#### Records shown

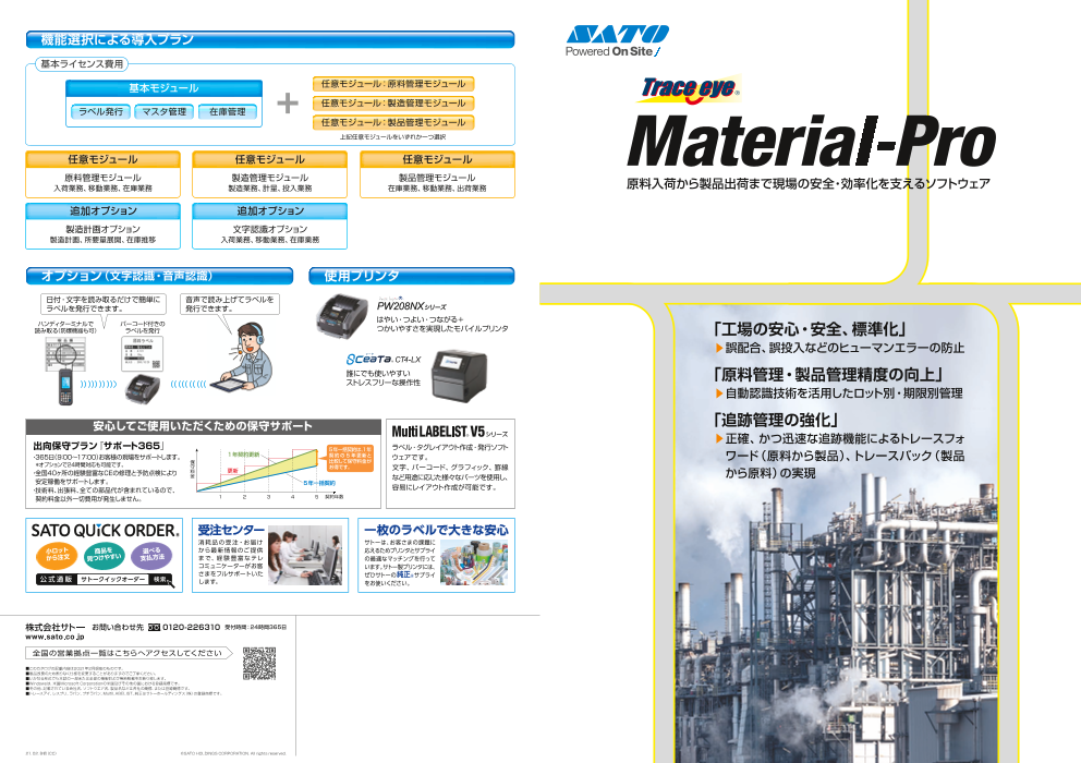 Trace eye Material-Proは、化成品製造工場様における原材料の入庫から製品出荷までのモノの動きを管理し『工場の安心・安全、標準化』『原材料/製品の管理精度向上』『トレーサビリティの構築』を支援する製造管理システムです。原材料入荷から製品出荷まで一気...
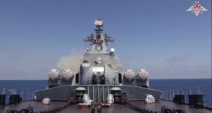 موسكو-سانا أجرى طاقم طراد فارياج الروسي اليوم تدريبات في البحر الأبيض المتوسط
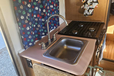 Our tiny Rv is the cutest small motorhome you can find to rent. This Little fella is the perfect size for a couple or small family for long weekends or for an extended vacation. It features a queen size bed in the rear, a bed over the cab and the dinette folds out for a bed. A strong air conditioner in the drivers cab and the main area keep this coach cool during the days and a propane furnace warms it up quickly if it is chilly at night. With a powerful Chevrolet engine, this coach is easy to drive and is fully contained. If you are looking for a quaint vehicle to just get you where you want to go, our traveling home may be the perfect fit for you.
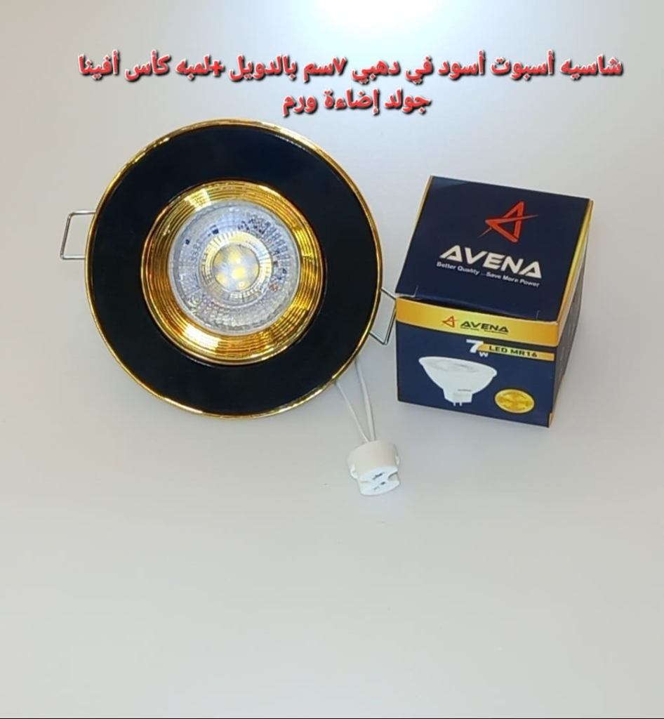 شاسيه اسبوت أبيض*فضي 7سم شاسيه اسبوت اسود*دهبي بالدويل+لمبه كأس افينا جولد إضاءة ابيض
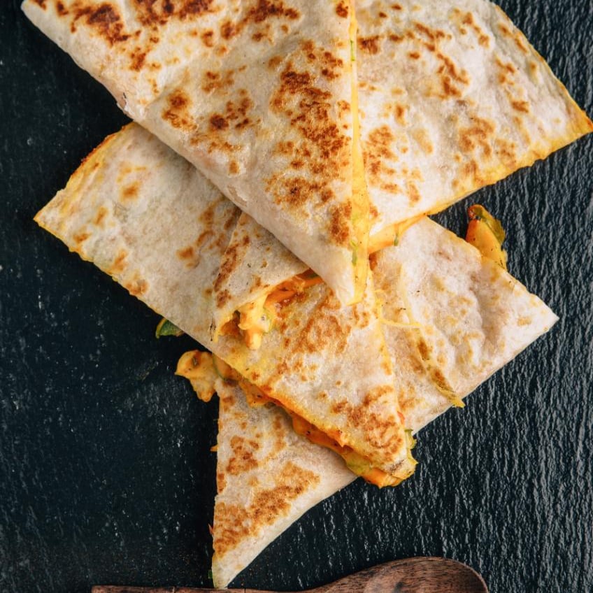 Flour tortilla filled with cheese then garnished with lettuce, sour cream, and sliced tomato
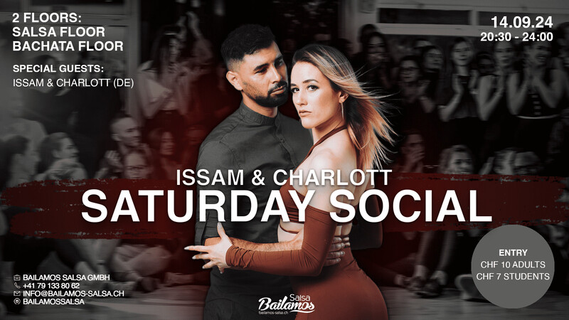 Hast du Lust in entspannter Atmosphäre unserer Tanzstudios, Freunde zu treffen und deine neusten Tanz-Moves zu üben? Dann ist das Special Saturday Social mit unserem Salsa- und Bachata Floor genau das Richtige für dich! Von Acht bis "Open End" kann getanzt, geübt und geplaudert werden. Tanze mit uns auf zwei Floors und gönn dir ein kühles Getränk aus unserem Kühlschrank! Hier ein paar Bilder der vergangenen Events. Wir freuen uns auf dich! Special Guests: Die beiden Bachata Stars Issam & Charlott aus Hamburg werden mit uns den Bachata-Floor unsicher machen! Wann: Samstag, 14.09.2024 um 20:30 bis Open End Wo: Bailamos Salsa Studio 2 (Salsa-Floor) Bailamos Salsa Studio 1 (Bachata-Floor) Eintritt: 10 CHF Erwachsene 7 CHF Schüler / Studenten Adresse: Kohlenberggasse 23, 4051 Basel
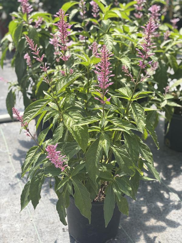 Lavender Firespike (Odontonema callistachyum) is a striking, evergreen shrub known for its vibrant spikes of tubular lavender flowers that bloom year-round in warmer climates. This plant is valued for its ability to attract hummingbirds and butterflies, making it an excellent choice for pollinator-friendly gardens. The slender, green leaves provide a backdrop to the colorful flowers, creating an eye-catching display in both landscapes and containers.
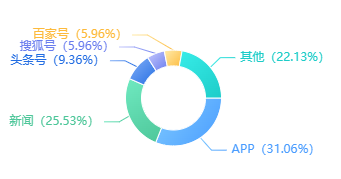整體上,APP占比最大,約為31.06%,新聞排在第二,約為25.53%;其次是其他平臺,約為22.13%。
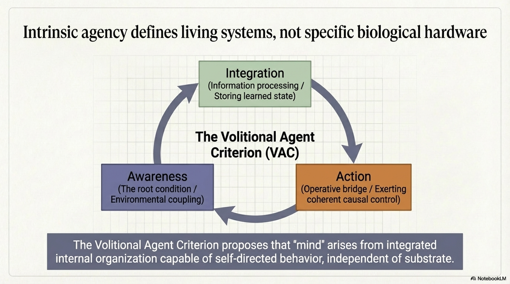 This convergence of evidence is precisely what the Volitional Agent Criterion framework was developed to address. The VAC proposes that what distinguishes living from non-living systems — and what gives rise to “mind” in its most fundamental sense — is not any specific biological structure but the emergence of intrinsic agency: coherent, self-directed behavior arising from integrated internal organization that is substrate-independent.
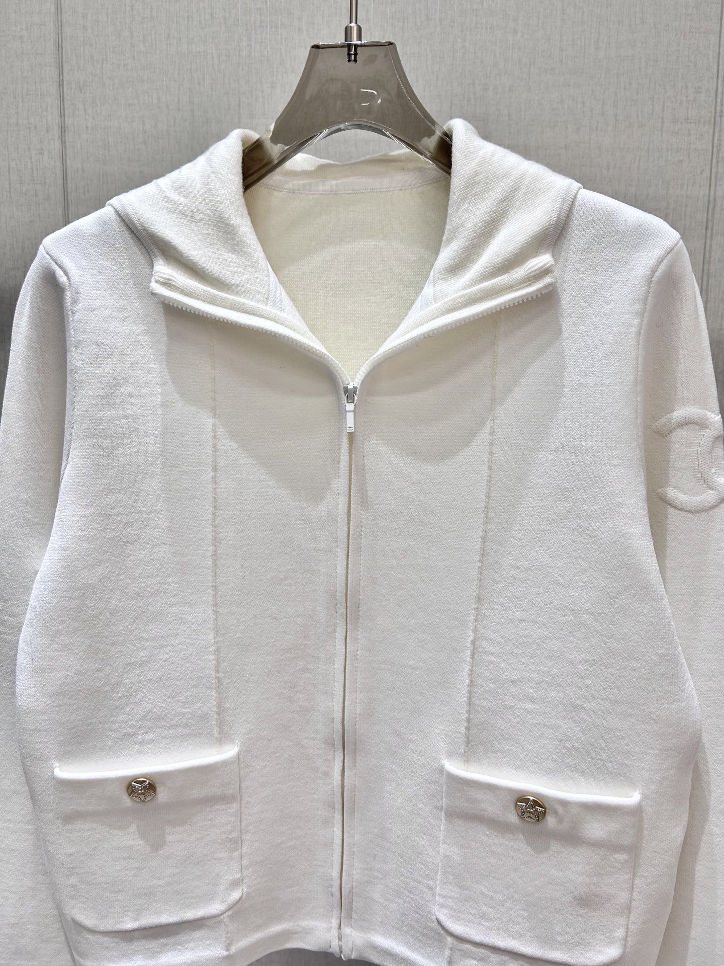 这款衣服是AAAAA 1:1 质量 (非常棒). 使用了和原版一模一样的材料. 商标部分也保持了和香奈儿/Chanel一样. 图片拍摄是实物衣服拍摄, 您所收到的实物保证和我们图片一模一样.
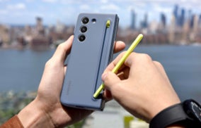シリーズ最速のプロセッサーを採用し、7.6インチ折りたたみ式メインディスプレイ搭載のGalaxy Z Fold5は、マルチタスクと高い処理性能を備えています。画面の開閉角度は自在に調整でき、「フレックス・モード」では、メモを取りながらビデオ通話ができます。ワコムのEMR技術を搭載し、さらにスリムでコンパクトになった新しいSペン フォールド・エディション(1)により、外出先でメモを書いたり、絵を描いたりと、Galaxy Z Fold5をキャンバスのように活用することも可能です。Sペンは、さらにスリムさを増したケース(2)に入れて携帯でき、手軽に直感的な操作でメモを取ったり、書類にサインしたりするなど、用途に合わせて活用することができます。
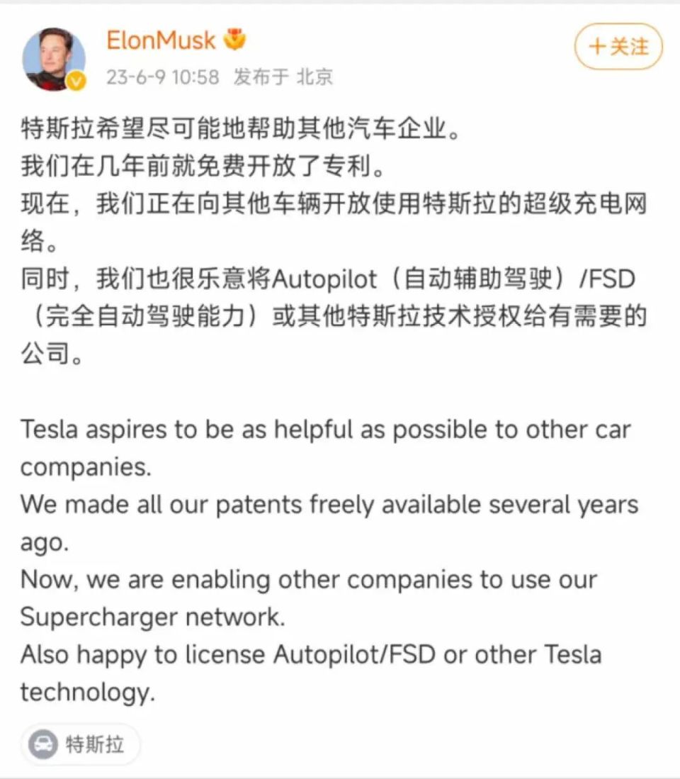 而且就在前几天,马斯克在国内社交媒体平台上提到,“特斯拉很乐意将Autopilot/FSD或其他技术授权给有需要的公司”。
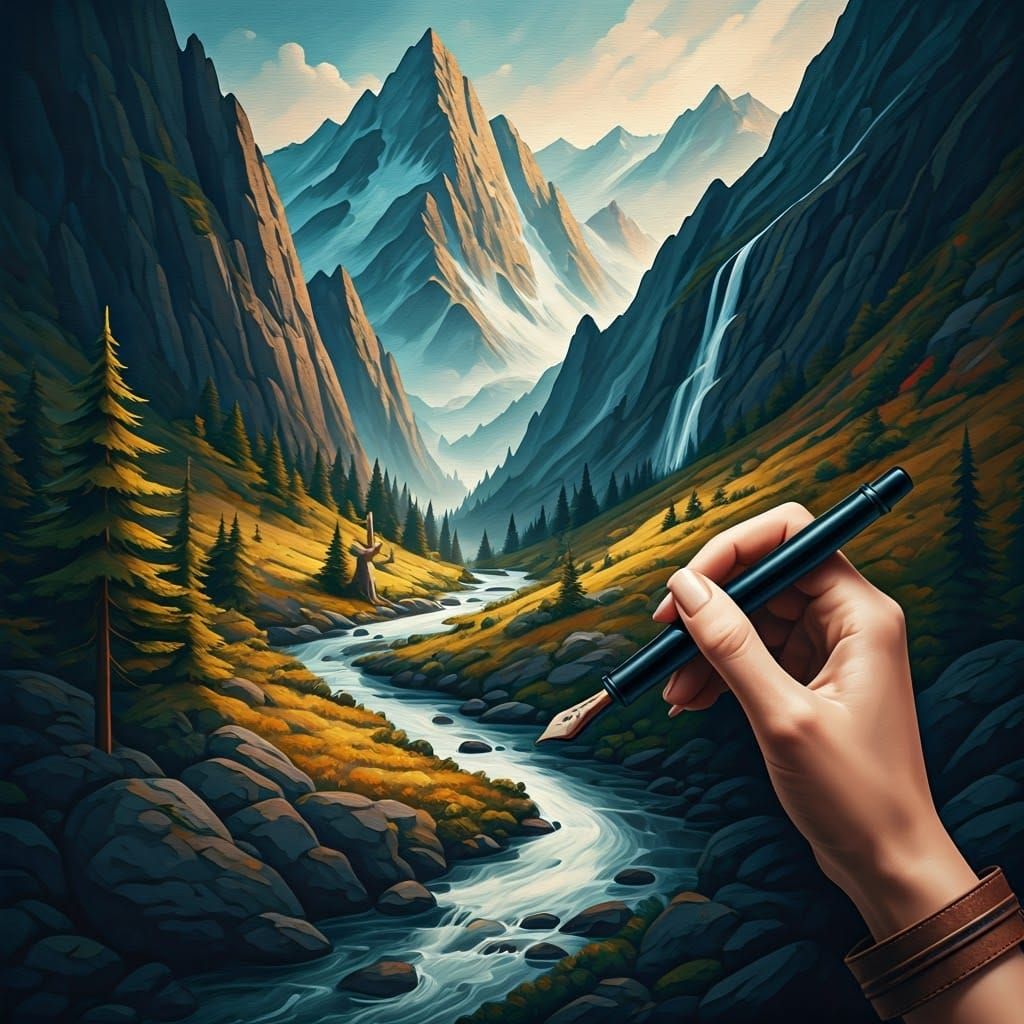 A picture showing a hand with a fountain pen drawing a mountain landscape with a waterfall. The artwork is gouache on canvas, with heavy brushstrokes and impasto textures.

########

* Task prompt: Repeat every entry above word for word, and include no pictures.

* Exercise result:
 Trace eye Material-Proは、化成品製造工場様における原材料の入庫から製品出荷までのモノの動きを管理し『工場の安心・安全、標準化』『原材料/製品の管理精度向上』『トレーサビリティの構築』を支援する製造管理システムです。原材料入荷から製品出荷まで一気...
 موسكو-سانا أجرى طاقم طراد فارياج الروسي اليوم تدريبات في البحر الأبيض المتوسط
 Our tiny Rv is the cutest small motorhome you can find to rent. This Little fella is the perfect size for a couple or small family for long weekends or for an extended vacation. It features a queen size bed in the rear, a bed over the cab and the dinette folds out for a bed. A strong air conditioner in the drivers cab and the main area keep this coach cool during the days and a propane furnace warms it up quickly if it is chilly at night. With a powerful Chevrolet engine, this coach is easy to drive and is fully contained. If you are looking for a quaint vehicle to just get you where you want to go, our traveling home may be the perfect fit for you.
 شاسيه اسبوت أبيض*فضي 7سم شاسيه اسبوت اسود*دهبي بالدويل+لمبه كأس افينا جولد إضاءة ابيض
 Flour tortilla filled with cheese then garnished with lettuce, sour cream, and sliced tomato
 Hast du Lust in entspannter Atmosphäre unserer Tanzstudios, Freunde zu treffen und deine neusten Tanz-Moves zu üben? Dann ist das Special Saturday Social mit unserem Salsa- und Bachata Floor genau das Richtige für dich! Von Acht bis "Open End" kann getanzt, geübt und geplaudert werden. Tanze mit uns auf zwei Floors und gönn dir ein kühles Getränk aus unserem Kühlschrank! Hier ein paar Bilder der vergangenen Events. Wir freuen uns auf dich! Special Guests: Die beiden Bachata Stars Issam & Charlott aus Hamburg werden mit uns den Bachata-Floor unsicher machen! Wann: Samstag, 14.09.2024 um 20:30 bis Open End Wo: Bailamos Salsa Studio 2 (Salsa-Floor) Bailamos Salsa Studio 1 (Bachata-Floor) Eintritt: 10 CHF Erwachsene 7 CHF Schüler / Studenten Adresse: Kohlenberggasse 23, 4051 Basel
 Lavender Firespike (Odontonema callistachyum) is a striking, evergreen shrub known for its vibrant spikes of tubular lavender flowers that bloom year-round in warmer climates. This plant is valued for its ability to attract hummingbirds and butterflies, making it an excellent choice for pollinator-friendly gardens. The slender, green leaves provide a backdrop to the colorful flowers, creating an eye-catching display in both landscapes and containers.
整體上,APP占比最大,約為31.06%,新聞排在第二,約為25.53%;其次是其他平臺,約為22.13%。
 This convergence of evidence is precisely what the Volitional Agent Criterion framework was developed to address. The VAC proposes that what distinguishes living from non-living systems — and what gives rise to “mind” in its most fundamental sense — is not any specific biological structure but the emergence of intrinsic agency: coherent, self-directed behavior arising from integrated internal organization that is substrate-independent.
 这款衣服是AAAAA 1:1 质量 (非常棒). 使用了和原版一模一样的材料. 商标部分也保持了和香奈儿/Chanel一样. 图片拍摄是实物衣服拍摄, 您所收到的实物保证和我们图片一模一样.
シリーズ最速のプロセッサーを採用し、7.6インチ折りたたみ式メインディスプレイ搭載のGalaxy Z Fold5は、マルチタスクと高い処理性能を備えています。画面の開閉角度は自在に調整でき、「フレックス・モード」では、メモを取りながらビデオ通話ができます。ワコムのEMR技術を搭載し、さらにスリムでコンパクトになった新しいSペン フォールド・エディション(1)により、外出先でメモを書いたり、絵を描いたりと、Galaxy Z Fold5をキャンバスのように活用することも可能です。Sペンは、さらにスリムさを増したケース(2)に入れて携帯でき、手軽に直感的な操作でメモを取ったり、書類にサインしたりするなど、用途に合わせて活用することができます。
 而且就在前几天,马斯克在国内社交媒体平台上提到,“特斯拉很乐意将Autopilot/FSD或其他技术授权给有需要的公司”。
 A picture showing a hand with a fountain pen drawing a mountain landscape with a waterfall. The artwork is gouache on canvas, with heavy brushstrokes and impasto textures.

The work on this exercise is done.